(Material for the task Opens)

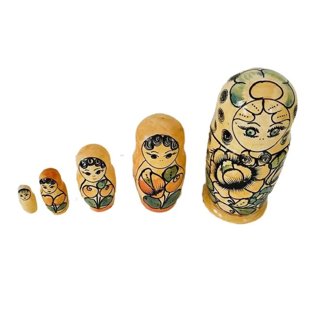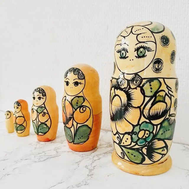 Set vintage Russische nestpoppen matroesjka set russian doll handbeschilderd uit de jaren 60.
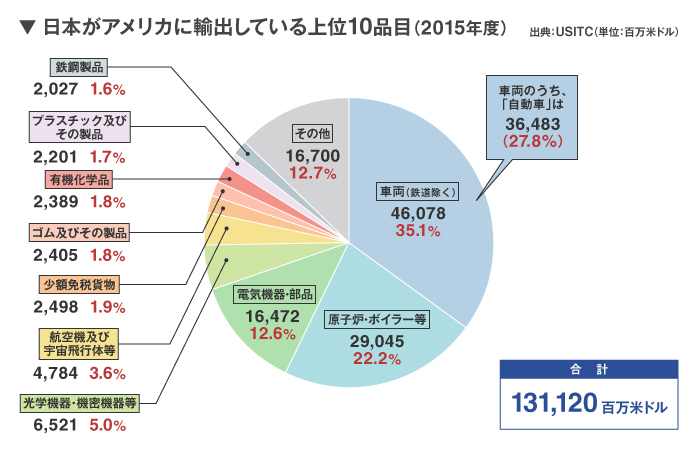 第2位は「原子炉・ボイラー等」。ご存知のように、日本では全国に原子力発電所を設置し電気を供給している、そうした設備や部品を海外にも輸出していて、アメリカもその相手国のひとつ。(原子力協定を結んだ国のみ)
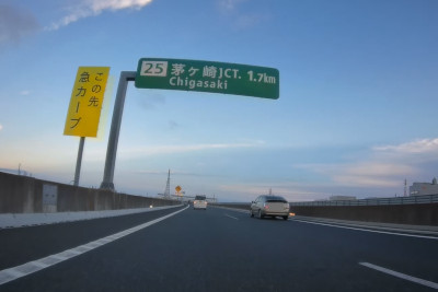 渋滞を抜けて茅ヶ崎ジャンクションの表示が出てきた。青森からずっと高速道路を走り続けてきたが、もう少しで下車できそうだ。 |
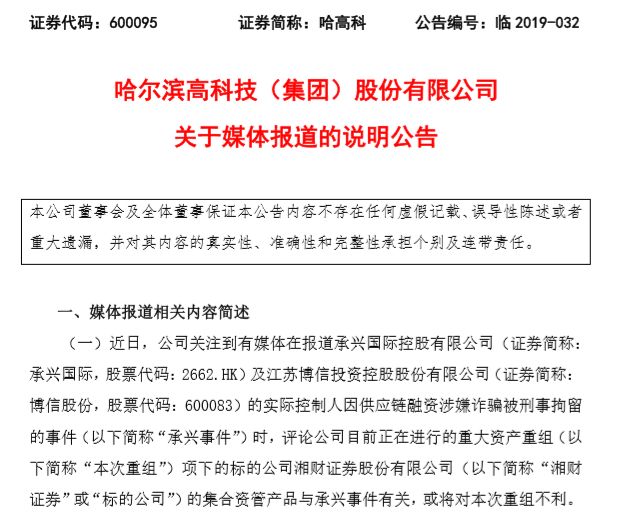 7月12日晚间,哈高科公告称,公司关注到近日有媒体在报道承兴国际控股及博信股份的实际控制人因供应链融资涉嫌诈骗被刑事拘留的事件时,评论公司目前正在进行的重大资产重组项下的标的公司湘财证券的集合资管产品与承兴事件有关,或将对本次重组不利。
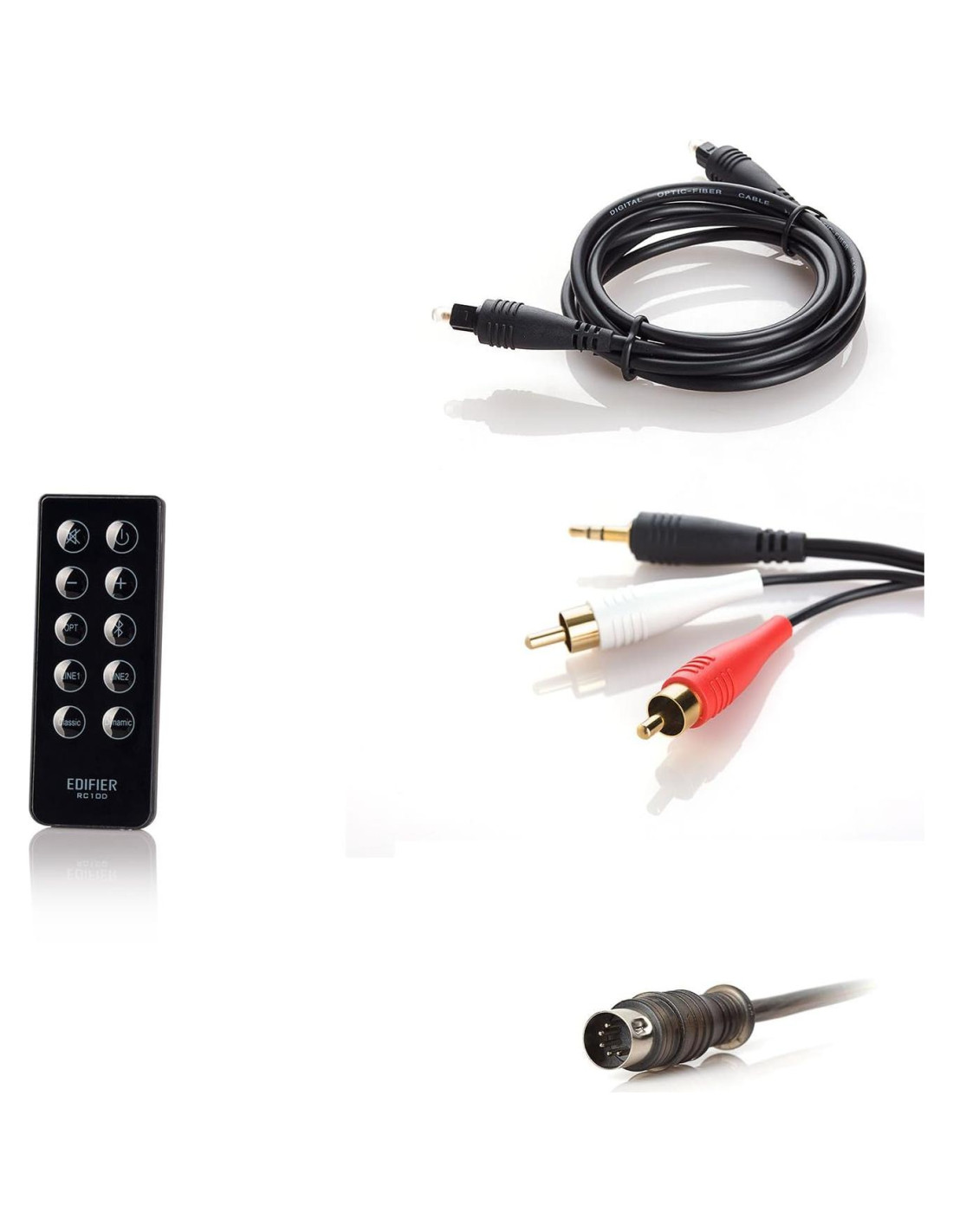 - Componentes incluidos: 2X Altavoces, Control Remoto, Cable de 3.5mm a RCA, cable RCA a RCA, cable de audio óptico de fibra, cable de conexión de altavoz AC Universal 100-240V, 50/60HZ
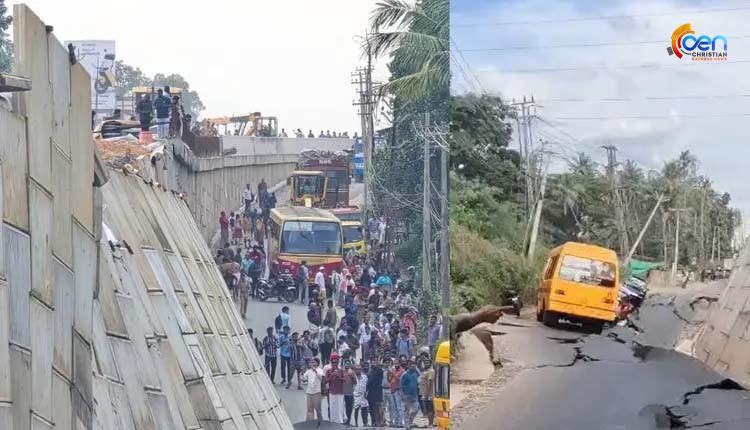 കൊല്ലം കൊട്ടിയത്ത് നിര്മാണത്തിലിരുന്ന ദേശീയ പാത തകര്ന്നു; ഗതാഗത നിയന്ത്രണം
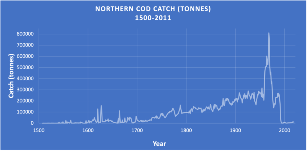 [5] Data from Rebecca Schijns et al., ‘Five Centuries of Cod Catches in Eastern Canada’, ICES Journal of Marine Science 78 (8) (2021): 2675–83.
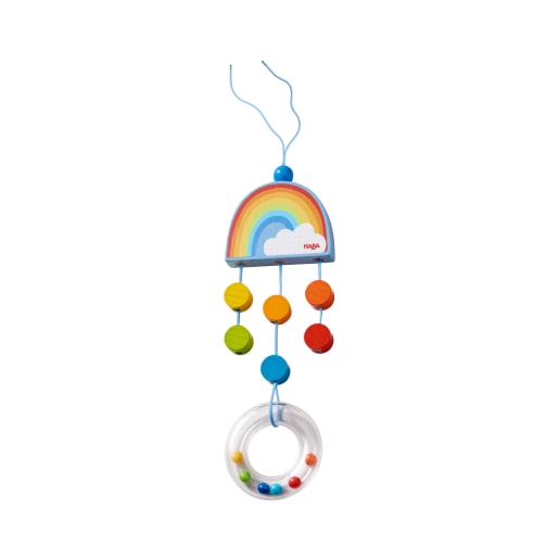 Die Farben des Regenbogens bringen Kinder zum Strahlen! Die bunten Kugeln der Hängefigur sind sowohl am Regenbogen und als auch im Greifring integriert, sodass sie sich bei Berührung lustig bewegen. Die Hängefigur bringt Babys lange Freude und ermuntert sie zum Greifen.
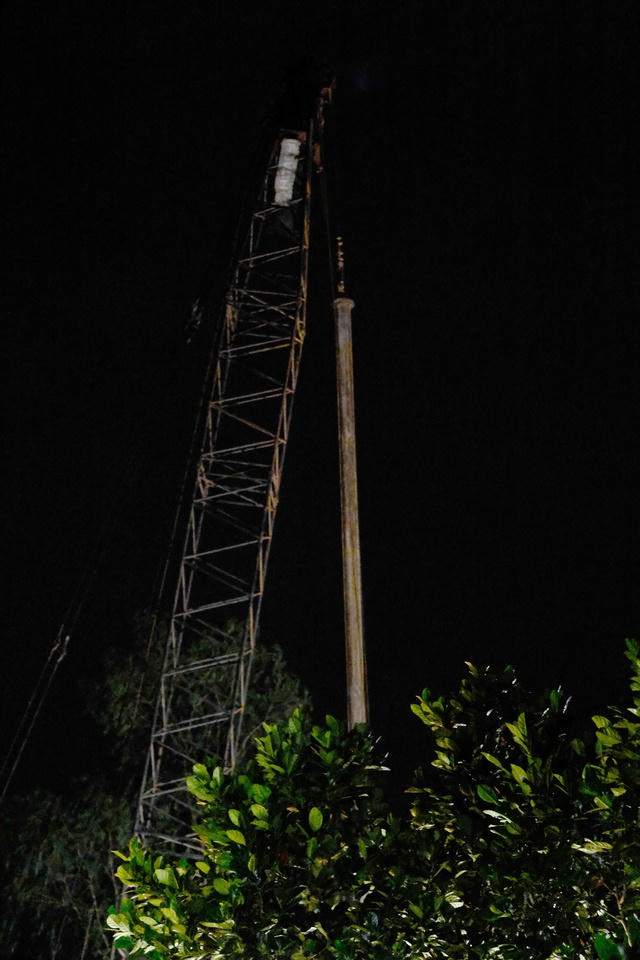 Đêm 1/1, khi có thiết bị chuyên dụng trên, lực lượng cứu hộ bắt đầu khoan nhồi với lực đóng 35 tấn kèm với chức năng hút bùn, đất xung quanh cọc bê tông sâu 35 m. Ảnh: Zing.
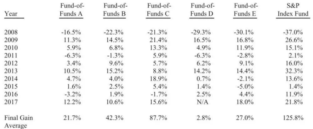 五隻FOF基金和標普500指數基金在十年賭約中的表現,全部輸給標普500

(Material for the task Closes)

• Brief
Omitting all pictures, restate exactly the lines of the material from its start through the line that contains "[5] Data from".

• Response to this exercise
 Set vintage Russische nestpoppen matroesjka set russian doll handbeschilderd uit de jaren 60.
 第2位は「原子炉・ボイラー等」。ご存知のように、日本では全国に原子力発電所を設置し電気を供給している、そうした設備や部品を海外にも輸出していて、アメリカもその相手国のひとつ。(原子力協定を結んだ国のみ)
 渋滞を抜けて茅ヶ崎ジャンクションの表示が出てきた。青森からずっと高速道路を走り続けてきたが、もう少しで下車できそうだ。 |
 7月12日晚间,哈高科公告称,公司关注到近日有媒体在报道承兴国际控股及博信股份的实际控制人因供应链融资涉嫌诈骗被刑事拘留的事件时,评论公司目前正在进行的重大资产重组项下的标的公司湘财证券的集合资管产品与承兴事件有关,或将对本次重组不利。
 - Componentes incluidos: 2X Altavoces, Control Remoto, Cable de 3.5mm a RCA, cable RCA a RCA, cable de audio óptico de fibra, cable de conexión de altavoz AC Universal 100-240V, 50/60HZ
 കൊല്ലം കൊട്ടിയത്ത് നിര്മാണത്തിലിരുന്ന ദേശീയ പാത തകര്ന്നു; ഗതാഗത നിയന്ത്രണം
 [5] Data from Rebecca Schijns et al., ‘Five Centuries of Cod Catches in Eastern Canada’, ICES Journal of Marine Science 78 (8) (2021): 2675–83.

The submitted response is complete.